Выявленные нами разнонаправленные различия в уровнях мембранного белка 5-НТ1А- и 5‑НТ7-рецепторов в среднем мозге и гиппокампе агрессивных крыс свидетельствуют о гетеродимеризации между этими рецепторами, хорошо известной из литературы. Ранее нами было сделано предположение, что транскрипционная регуляция, вероятно, незначительно влияет на паттерн экспрессии 5-НТ1А-рецепторов у агрессивных крыс [28]. Учитывая, что в данной работе не обнаружено существенных различий в уровне мРНК 5-НТ1А-рецептора между агрессивными и ручными крысами, и одновременно выявлены значительные изменения уровня мембранного белка 5-НТ1А-рецептора у агрессивных животных, высказанное нами предположение имеет под собой все основания. Более того, эти изменения, наблюдаемые исключительно на посттрансляционном уровне, могут быть обусловлены именно влиянием 5-НТ7-рецепторов. Интересно, что еще в первой работе, посвящённой оценке плотности 5-НТ1А-рецепторов в мозге высокоагрессивных крыс с помощью лиганда [3H]8-OH-DPAT [22], была высказана догадка, что выявленные различия в равной степени отражают вовлечение и 5-НТ7-рецепторов в регуляцию защитно-оборонительной агрессии, вызванной страхом по отношению к человеку. Надо отметить, что полученные нами результаты не воспроизводят данные о снижении плотности 5-НТ1А-рецепторов во фронтальной коре, гипоталамусе и миндалевидном комплексе агрессивных крыс более ранних поколений селекции [22, 23]. В миндалевидном комплексе нами обнаружено только снижение уровня мРНК 5-НТ1А-рецептора, и лишь на уровне тенденции. Возможно, расхождение в результатах связано, с одной стороны, с низкой селективностью использовавшегося [3H]8-OH-DPAT. Также следует иметь в виду, что определение плотности рецепторов с помощью меченного тритием лиганда показывает количество активных рецепторов на мембране клетки, тогда как определение белка с помощью Вестерн-блот анализа показывает количество общего мембранного белка рецепторов. С другой стороны стоит учитывать и тот факт, что между настоящим и предыдущим исследованиями находится, по меньшей мере, 40 поколений селекции крыс.
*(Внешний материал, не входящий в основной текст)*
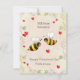 This cute card features two bumble bees in a garden of flowers around the outside edge. Little red hearts are scattered about. Card reads "BEE Mine Valentine!" Below it says Happy Valentine's Day and you personalise it with your child's name.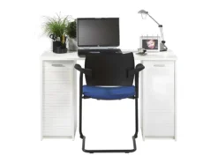 Bureau AMANI – 3 Tiroirs Et 1 Porte – MDF – Blanc Laqué Et Chêne

Более высокий уровень 5-НТ7-рецепторов в среднем мозге агрессивных крыс сопровождается низким уровнем 5-НТ1А-рецепторов, что косвенно свидетельствует о гетеродимеризации между ними, ведущей к усиленной интернализации и снижению числа 5-НТ1А-рецепторов на мембране. Гипотетически, гетеродимеризация 5-НТ7-рецепторов с 5-НТ1А-рецепторами [5] и предполагаемое ингибирование ГАМК-интернейронов в среднем мозге [29] должны усиливать секрецию и обмен серотонина, однако сниженный уровень серотонина у высокоагрессивных крыс это хорошо известный факт [12, 14]. Таким образом, вклад 5-НТ7-рецепторов в регуляцию обмена серотонина у крыс с генетически детерминированным агрессивным поведением требует дальнейшего исследования.
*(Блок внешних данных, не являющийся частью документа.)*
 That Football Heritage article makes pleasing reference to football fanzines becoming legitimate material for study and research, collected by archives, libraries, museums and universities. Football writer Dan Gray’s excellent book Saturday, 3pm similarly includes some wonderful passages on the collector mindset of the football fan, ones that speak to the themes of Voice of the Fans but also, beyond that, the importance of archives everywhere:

Особое внимание привлекает сниженный уровень белка 5-НТ7-рецептора в гиппокампе и мРНК в гипоталамусе агрессивных крыс. В настоящее время не вызывает сомнения значительная роль данных рецепторов в регуляции гипоталамо-гипофизарно-надпочечниковой системы (ГГНС) и стрессорного ответа [30]. И если активность 5‑НТ7-рецепторов в коре надпочечников напрямую связана с усилением секреции кортикостерона при остром и хроническом стрессе [31], 5‑НТ7-рецепторы в ЦНС, в особенности в гиппокампе, вовлечены в поддержание отрицательной обратной связи в ГГНС, так как отвечают за регуляцию экспрессии глюкокортикоидных рецепторов (ГР) [32]. Показано, что снижение экспрессии 5-НТ7-рецепторов в гиппокампе влечет за собой снижение экспрессии ГР, что нарушает отрицательную обратную связь и провоцирует избыточную секрецию кортикостерона [33]. Принимая во внимание, что исследуемые нами крысы имеют более низкий уровень мРНК ГР в гиппокампе [34], и отличались повышенным базальным уровнем кортикостерона на всех этапах селекции [14, 35, 36], можно предположить, что всe это является следствием сниженной экспрессии гиппокампальных 5-НТ7-рецепторов. Впрочем, сам кортикостерон может подавлять экспрессию 5-НТ7-рецепторов [30], и его высокий уровень в раннем постнатальном развитии способствует нарушению их функции и, как следствие, разбалансировке ГГНС [32]. Вероятно, у высокоагрессивных крыс изменения в ГГНС должны происходить еще в пренатальный период, поскольку высокий уровень кортикостерона у них наблюдается уже на эмбриональной стадии развития [37]. Возможно, основания для дисрегуляции ГГНС у агрессивных крыс были заложены еще на ранних этапах селекции и имеют эпигенетическую природу, связанную с гиперметиллированием промоторов ГР [34]. Полученные нами результаты существенно дополняют эту картину и позволяют представить нарушение стрессорного ответа у высокоагрессивных крыс как комплексный процесс разрушения отрицательной обратной связи в ГГНС, где изначально высокий уровень метилирования промоторов ГР создаeт условия для повышения уровня кортикостерона, что, в свою очередь, подавляет экспрессию 5-НТ7 рецепторов, влекущее за собой еще более сильное подавление экспрессии ГР.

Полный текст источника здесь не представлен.